No, there is no rent control in Drew or anywhere else in Mississippi. The state has preempted local governments from enacting rent control measures. This is reflected in the low rent-control-risk sub-score of 8.8/10, meaning the risk of future rent control laws is high. You can generally set your rent at market rates and increase it with proper notice according to your lease and state law. For more, see Mississippi rent control rules.
Q4
How long do I have to return a tenant's security deposit in Drew?
You have 45 days after the tenancy ends and the tenant delivers possession of the property to return the security deposit. If you withhold any portion, you must provide an itemized list of deductions. Failing to meet this deadline or provide a proper accounting can result in penalties, potentially owing the tenant double the amount wrongfully withheld.
Q5
Can I charge a late fee for rent in Drew?
Yes, you can charge late fees in Mississippi. However, the amount must be reasonable and clearly stated in your lease agreement. There's no specific statewide cap on late fees, but courts generally look for amounts that are not punitive. A common practice is a flat fee or a small percentage of the monthly rent.
Q6
What if my tenant claims there are maintenance issues and refuses to pay rent?

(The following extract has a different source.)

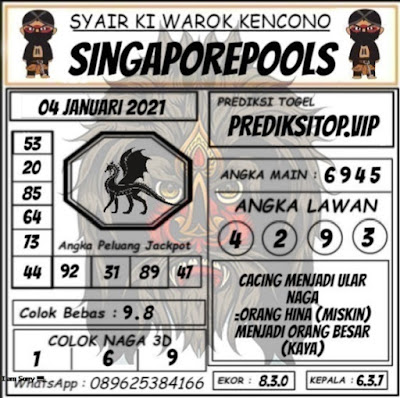 Pada dasarnya dalam semua permainan togel online ini sangatlah membutuhkan kepekaan atau kesadaran anda dalam membaca serta memprediksi nomor togel singapore. Oleh karena  itu syair Togel Singapore yang kami terbitkan ini akan sangat memudahkan para pejudi online saat memprediksi angka keluaran di periode selanjutnya. kami  sudah mempersiapkan dengan jelas tentang Prediksi Togel Sgp 04 Januari 2021 untuk anda para pencinta judi online.
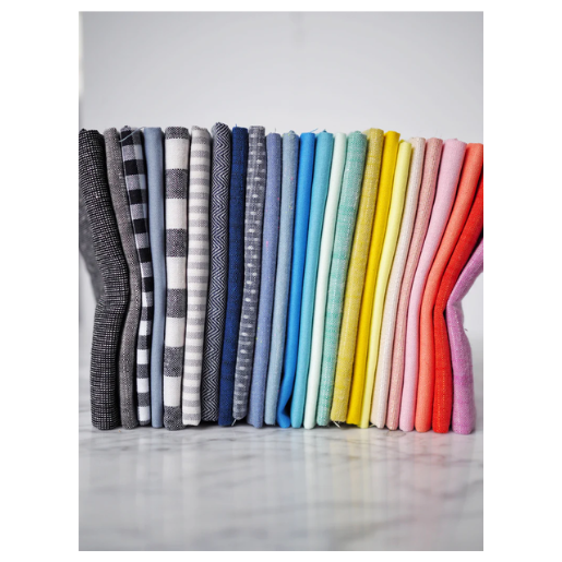 This bundle includes 24 fat quarters of Kona Cotton, Linens, Wovens, and Chambrays, in a range of bright colors and some neutrals.

In Mississippi, tenants generally cannot withhold rent for maintenance issues unless the lease specifically allows it or there's a serious habitability issue that you've failed to address after proper written notice. Even then, they typically need to go through a specific legal process. Most often, a tenant withholding rent is still a non-payment of rent issue for eviction purposes. Always document all communication regarding maintenance requests and your responses. For more on tenant rights, see Mississippi tenant protections.
A 2.9/10 places Drew in the 95th percentile of Mississippi cities on the Eviction Risk Score index. The score is the average of the nine sub-axes, all calibrated on a national 1 to 10 scale where 1 is most landlord-friendly and 10 is most tenant-protective. The 50-year reconstruction shows this score has climbed steadily since 1976, a structural drift driven by court-calendar growth, rent-control adoption, and the rise of tenant-side legal aid. The trajectory matters more than the snapshot: the score is the climate, not the weather.
Cities with similar eviction risk to Drew (2.9/10)
Same risk band nationally · click any city for its full breakdown.